The civil cases followed—a lawsuit against Boise Cascade for a defective mobile home, another against a bank for cashing forged checks. I moved my office to San Francisco, where all the lawyers wore suits and you could always get a courtroom if you needed to go to trial. It was a lawyers' town—one lawyer for every fifty residents.

The largest lawsuit in U.S. history was tried in San Francisco—the Coordinated Asbestos Litigation. I appeared on behalf of one of 72 parties in a contest between two industries fighting over billions of dollars. They built a special courtroom to accommodate all the lawyers and enacted a new set of civil procedures to manage the massive evidence reaching back six decades. One day in June, Johns Manville produced 10 million documents in a Denver warehouse, and they were just one party. The case against my client was dismissed ten days before the start of the two-year trial.

My calendar was empty. I had time to think about how the legal system resolves conflicts. Lawsuits tend to look back in time to decide who was at fault and how much it will cost them. I thought maybe we could use some of the tools to chart a plausibile course into the future.

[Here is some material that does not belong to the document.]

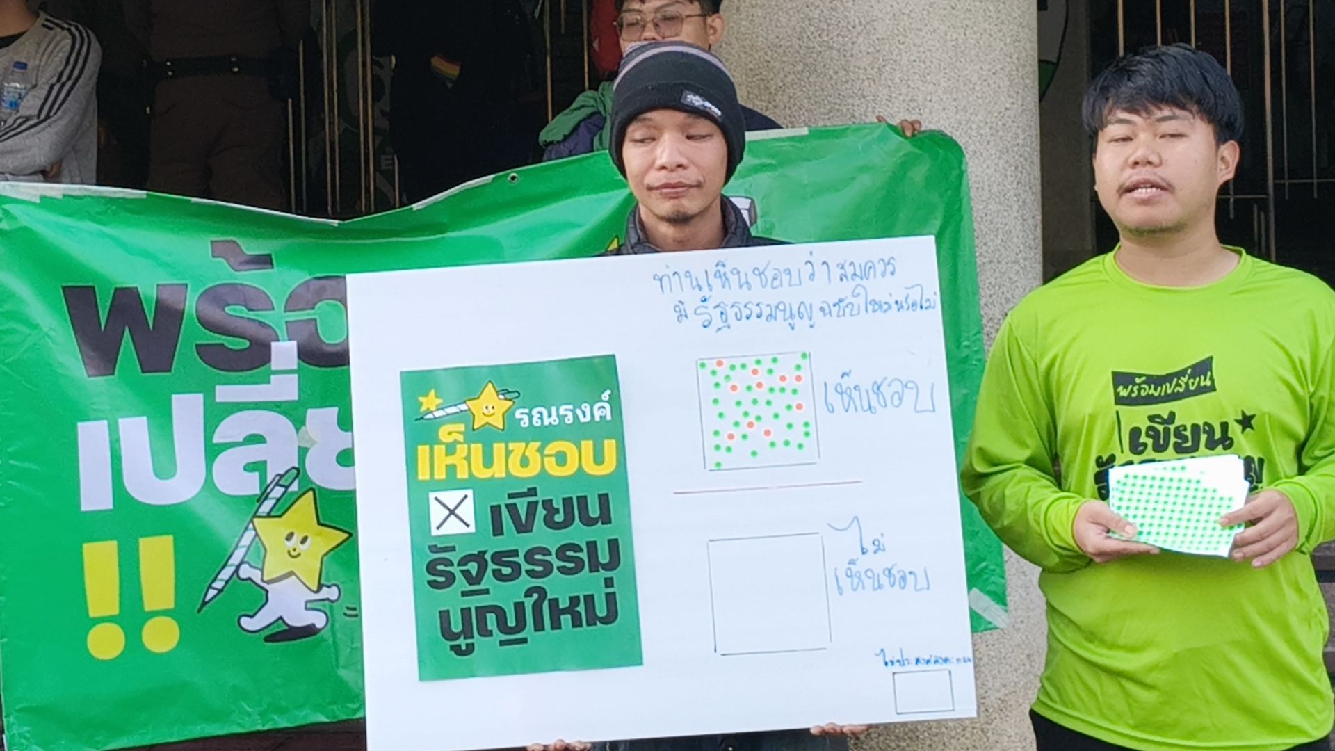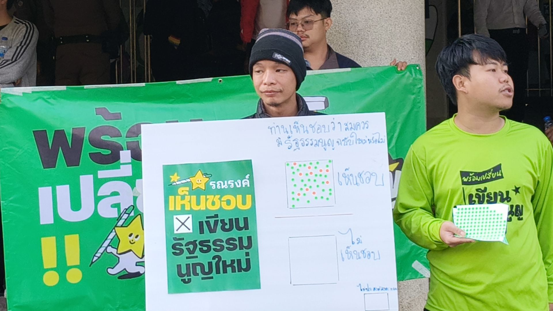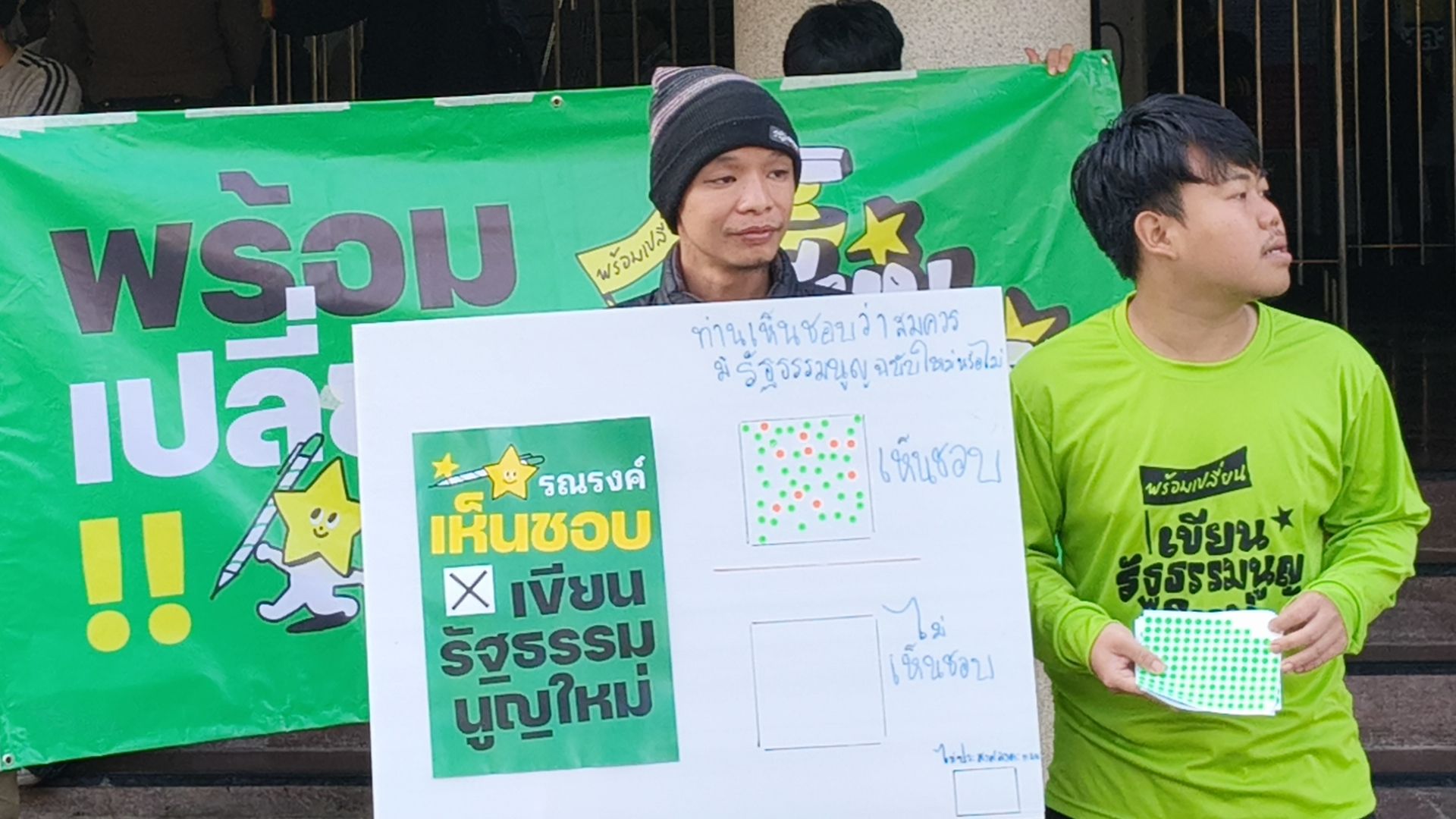 นอกจากนี้ทางด้านหน้าที่ลงรับสมัครรับเลือกตั้งยังมีการประชาสัมพันธ์เรื่องการพร้อมทำประชามติร่างรัฐธรรมนูญใหม่ทั้งฉบับในวันที่ 8 ก.พ. 2569 โดยใช้คำถาม “ท่านเห็นด้วยหรือไม่ที่จะให้มีการจัดทำรัฐธรรมนูญฉบับใหม่” เป็นความพยายามของภาคประชาชนและหน่วยงานที่เกี่ยวข้อง เพื่อเปลี่ยนผ่านไปสู่รัฐธรรมนูญฉบับประชาชน โดยมีมติเห็นชอบให้วันที่ 8 กุมภาพันธ์ 2569 เป็นวันลงคะแนนเลือกตั้งสมาชิกสภาผู้แทนราษฎร (สส.) และวันทำประชามติเรื่องการจัดทำรัฐธรรมนูญใหม่ โดยมี คำถามหลักคือ “ท่านเห็นด้วยหรือไม่ที่จะให้มีการจัดทำรัฐธรรมนูญฉบับใหม่” เพื่อปูทางสู่การตั้ง สสร. ที่มาจากการเลือกตั้ง 100% อีกด้วย.

I began facilitating town meetings. This led to interviews with Pres. Mikhail Gorbachev, Senator Alan Cranston, Huston Smith, David Brower, Jean Houston, Yehudi Menuhin and hundreds of others, which resulted in the documentary, "On the Edge" and the biography, Prophet—the Hatmaker's Son about the life of Robert Muller during the formation of the United Nations. My latest book, 101 Cool Ways to Die (2009) was written because life and death is a package deal. No matter how hard we try to make a good impression, we're all future has-beens—so we might as well put the petal to the metal and enjoy the ride.